Show that two continuous functions that are surjective over the same interval intersect Say I have two functions $f$ and $g$, which are continuous over the interval $[a,b]$ and also have the same domain (edit: I meant range not domain) $D_{fg}$ over that interval:
$\forall y \in D_{fg}. \exists x_1, x_2 \in [a,b]. f(x_1) = y \land g(x_2) = y$
If this is the case, then $f$ and $g$ must intersect at at least one point. (This becomes obvious with a piece of paper. If you draw the one function as surjective with respect to $D_{fg}$ and continuous on the interval it is not possible to also draw the other as continuous and surjective with respect to $D_{fg}$ on the interval without the lines crossing)
So formally then:
$\forall y \in D_{fg}. \exists x_1, x_2 \in [a,b]. f(x_1) = y \land g(x_2) = y \implies \exists y \in D_{fg}. \exists x. f(x) = g(x) = y$
How do I prove this implication however?
 A: By the extreme value theorem, 
there exist an $x_f$ such that $f(x_f) = \max\{f(x)\mid x \in [a,b]\}$ and an $x_g$ such that $g(x_g) = \max\{g(x)\mid x \in [a,b]\}$.
Moreover, $f(x_f) = g(x_g) = c$.
If $g(x_f) = c$ or $f(x_g) = c$, we are done. Otherwise, $g(x_f) < c = f(x_f)$ and $f(x_g) < c = g(x_g)$. Now apply the intermediate value theorem to $f - g$ on the interval $[x_f,x_g]$ or $[x_g,x_f]$.

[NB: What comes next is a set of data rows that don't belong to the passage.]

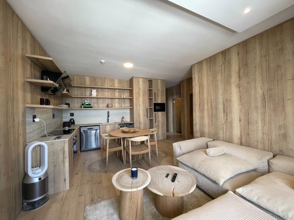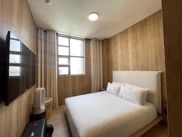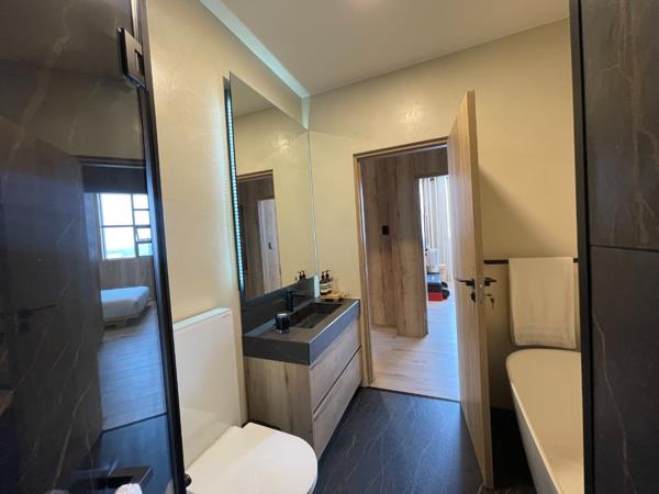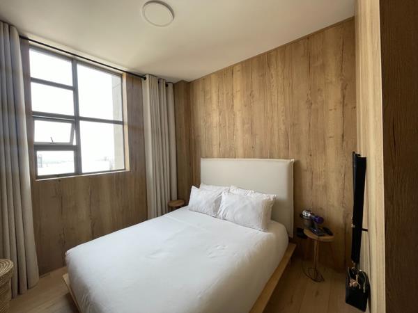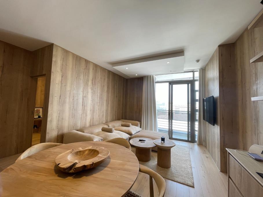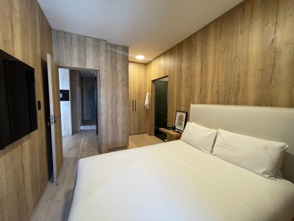 Discover contemporary living in this stylish 2-bedroom, 2-bathroom apartment located in the vibrant Rosebank area of Johannesburg. Boasting a modern, cohesive design with extensive natural wood finishes and flooring, this residence offers a sophisticated aesthetic. The open-plan layout seamlessly integrates the living, dining, and kitchen areas, creating an inviting and spacious atmosphere. Large sliding doors lead to a private balcony, flooding the interior with abundant natural light and offering scenic views.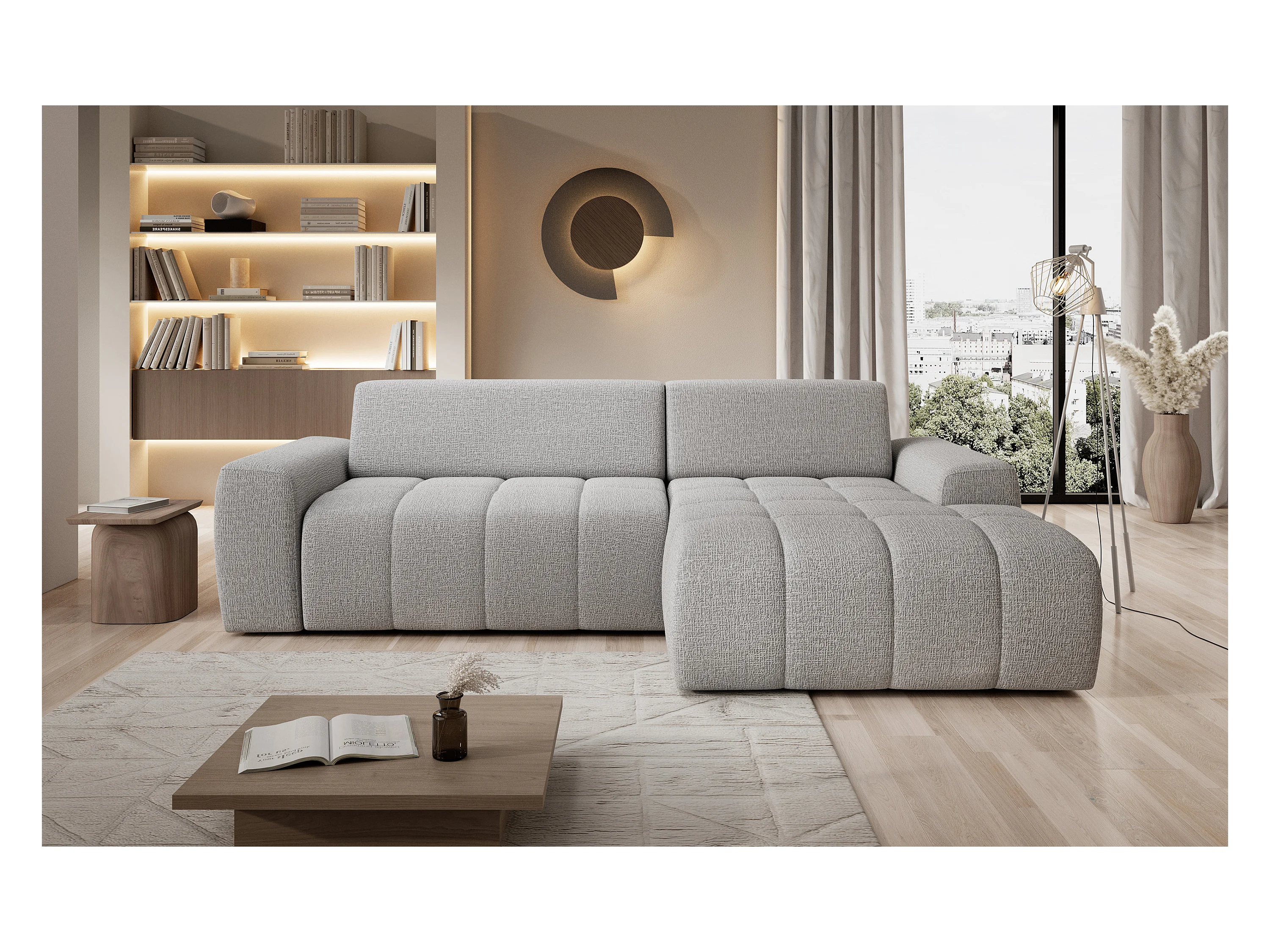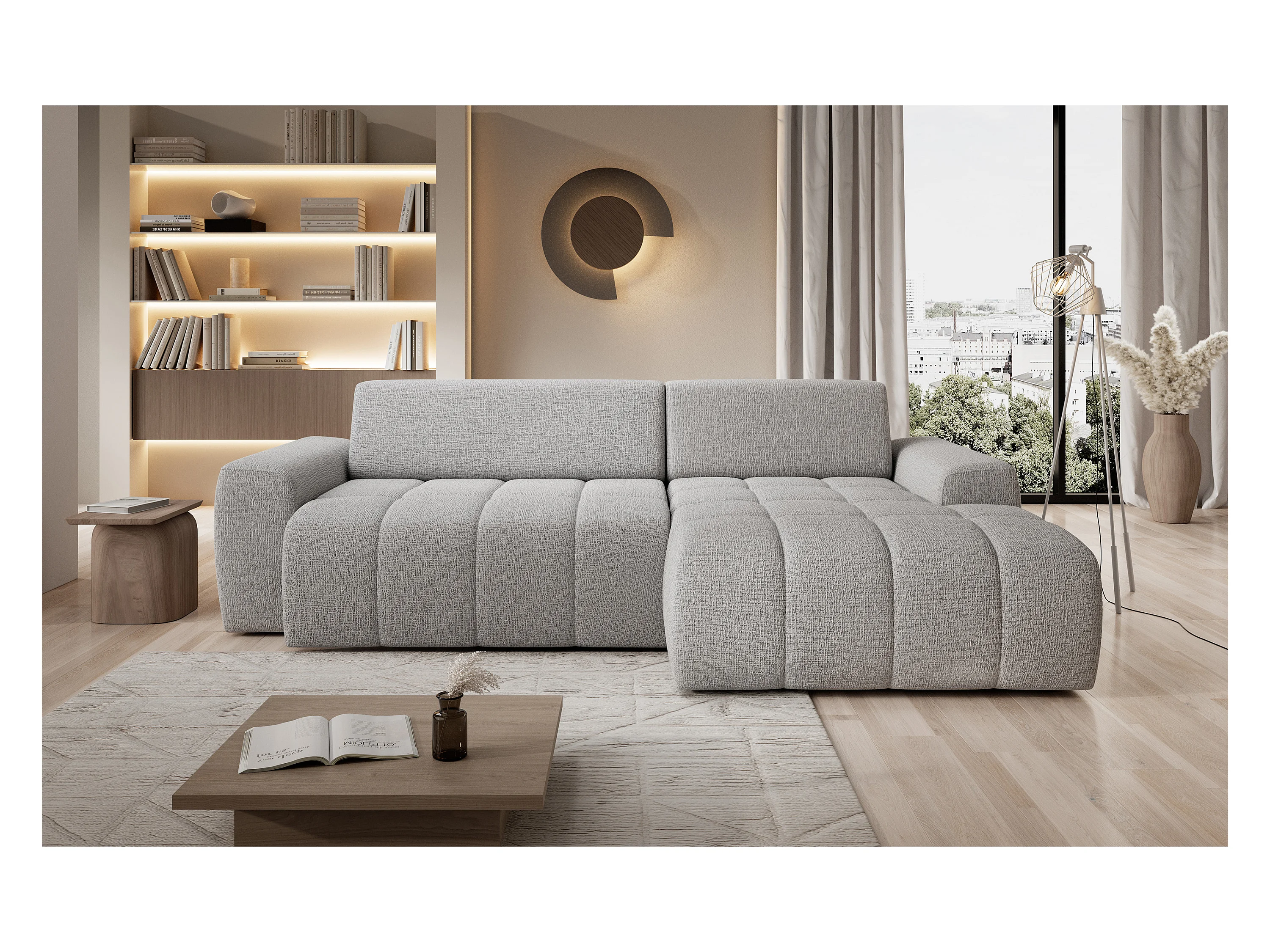 Gestoffeerde hoekbankRAVEN L met bedfunctie, bedruimte separaat, gestoffeerd met verstelbare hoofdsteunen 257x198x96 cm Rechts Asgrijs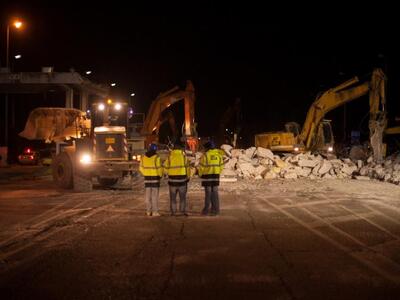 Τον καλύτερό τους εαυτό έδωσαν οι εργαζόμενοι του συνεργείου που είχε αναλάβει το έργο να ξηλώσει τον παλιό, πλέον, σταθμό των διοδίων της Πατρών – Κορίνθου στο Ρίον. Το συνεργείο εργάστηκε από τις 6 το απόγευμα, οπότε και έκλεισε ο δρόμος, μέχρι το τις πρώτες πρωινές ώρες, ώστε να ολοκληρώσει το έργο, εντός των χρονοδιαγραμμάτων και να παραδώσει τον δρόμο που είχε κλείσει πριν από τις έξι τα ξημερώματα του Σαββάτου.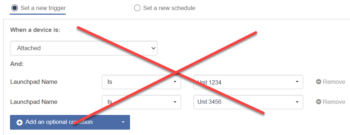 For example, you may want both the Launchpad “Unit 1234” and the Launchpad “Unit 3456” as conditions. Here’s the wrong way to do that: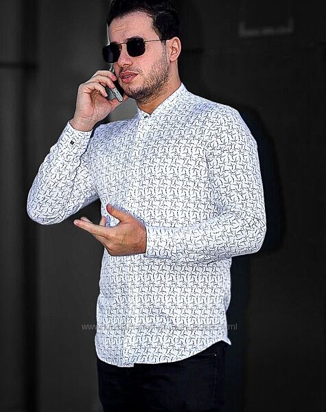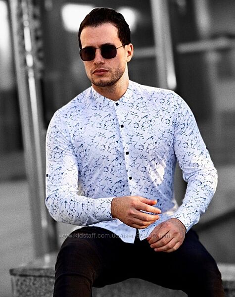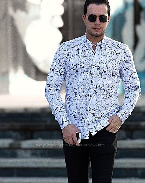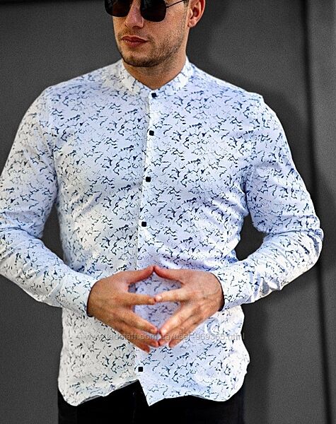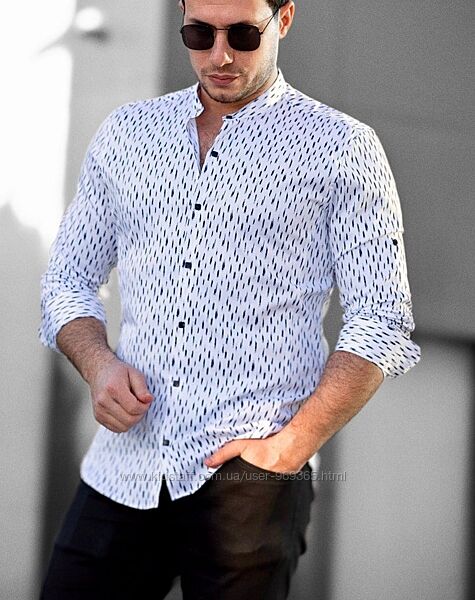 Подробное описание: Белые мужские рубашки с принтом и воротником стойкой. ТМ Rubaska

A: Since the two functions
have the same range
(I assume that is what you meant;
otherwise the question
is not true)
then there are values
$a \le c, d \le b$
with
$c \ne d$
such that
$f(c) \le f(x) \le f(d)$
and
$f(c) \le g(x) \le f(d)$
for
$a \le x \le b$.
I will assume that
$c < d$.
If $c > d$,
just switch them
in what follows.
Consider
$h(x) = f(x)-g(x)$
for
$c \le x \le d$.
Then
$h(c)
= f(c)-g(c)
\le 0$
(since
$f(c) \le g(x)$
for
$c \le x \le d$)
and
$h(d)
= f(d)-g(d)
\ge 0$
(since
$f(d) \ge g(x)$
for
$c \le x \le d$).
Therefore
there is a point $v$
such that
$c \le v \le d$
and
$0
= h(v)
=f(v)-g(v)
$
or
$f(v) = g(v)$.